1. Doux rêveur (extrait)
Le soleil caresse doucement mon visage. Allongé sur l'étendue d'herbe, je regarde les nuages en jouant avec une brindille dans la bouche. La chaleur de l’été glisse sur ma peau, la rendant plus foncée et chaude. J’écoute le bruit des insectes qui volent autour de moi, le chant des oiseaux qui ne laisse plus la place au silence. Je suis bien là comme ça, somnolant presque à ne rien faire, juste profiter en attendant que le temps passe. Sauf que je ne peux malheureusement pas profiter plus longtemps de ce moment hors du temps, car la voix grave de mon frère me sort de ma rêverie.
— Hey feignasse, tu vas glander toute la journée ?
— On est dimanche, je lui rétorque, agacé.
— Oui, mais les moutons ont faim, même le dimanche.
Je soupire de lassitude, je n’ai pas eu de jour de repos depuis… eh bien depuis toujours. J’habite dans un petit village autonome, ma famille possède un troupeau de moutons pour faire la laine nécessaire à la fabrication de nos vêtements, parfois pour la viande, mais seulement lors de fêtes pour tout le village. Nous sommes une communauté amish, vivant un peu en décalage du temps dans une campagne bien loin des grandes villes. Peu d’étrangers passent sur nos terres et pour moi, les jours s’enchaînent en se ressemblant.
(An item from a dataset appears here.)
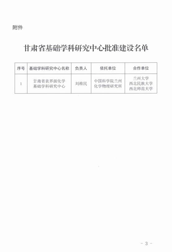 近日,甘肅省科技廳下發了《關于批準建設甘肅省表界面化學基礎學科研究中心的通知》,依托中國科學院蘭州化學物理研究所,由蘭州大學、西北民族大學、西北師范大學共同參與建設的甘肅省表界面化學基礎學科研究中心獲批立項建設。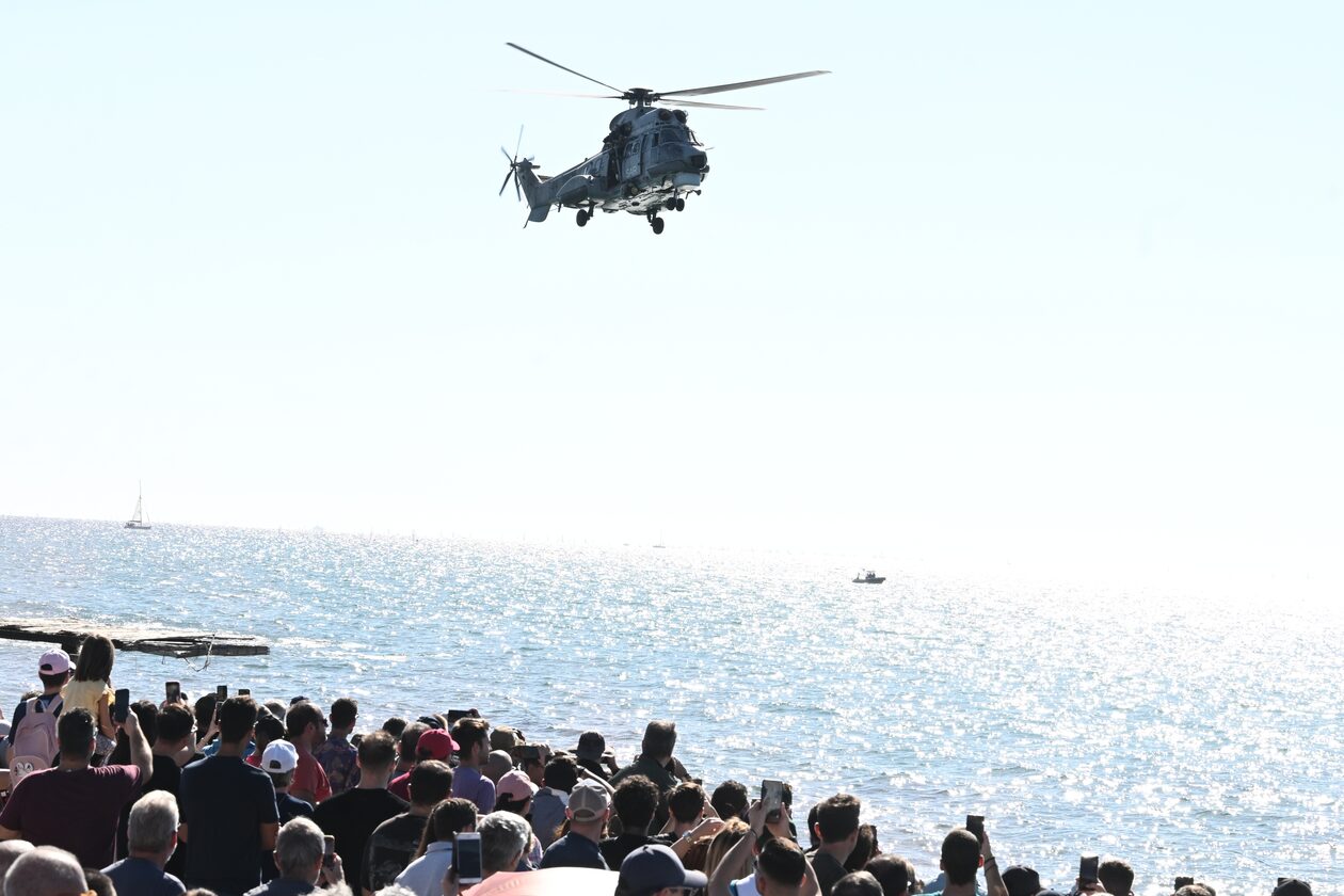 (Ανανέωση από αρχικό κείμενο 11:54) Στις 12 σήμερα το μεσημέρι, πραγματοποιήθηκε στο Φλοίσβο Παλαιού Φαλήρου η αεροπορική επίδειξη με τη συμμετοχή όλων των τύπων των αεροσκαφών της Πολεμικής Αεροπορίας, των Ομάδων Αεροπορικών Επιδείξεων Μεμονωμένου Αεροσκάφους F-16 «Ζευς», T-6A «Δαίδαλος» και του επετειακού αεροσκάφους Spitfire, καθώς και πολιτικών αεροσκαφών των εταιριών «Sky Express» και «Aegean Airlines», στο πλαίσιο των εκδηλώσεων για τον εορτασμό του προστάτη της Πολεμικής Αεροπορίας (ΠΑ) Αρχαγγέλλου Μιχαήλ.

Au moment du rite de passage à l’âge adulte, les enfants de ma communauté ne peuvent pas aller bien loin. Nous restons même dans le village sans aller ailleurs et finalement nous n’avons pas le choix que de rester dans la communauté, car nous ne connaissons que ça... Pourtant je suis d'un naturel très rêveur, j’aimerais pouvoir m’échapper loin d’ici, découvrir autre chose que ce trou paumé. Malheureusement la première ville est à plus d’un jour de calèche. Je suis donc bloqué ici, à devoir m’occuper des moutons avec mon frère et mes parents. Vingt ans et je ne connais que cette vie.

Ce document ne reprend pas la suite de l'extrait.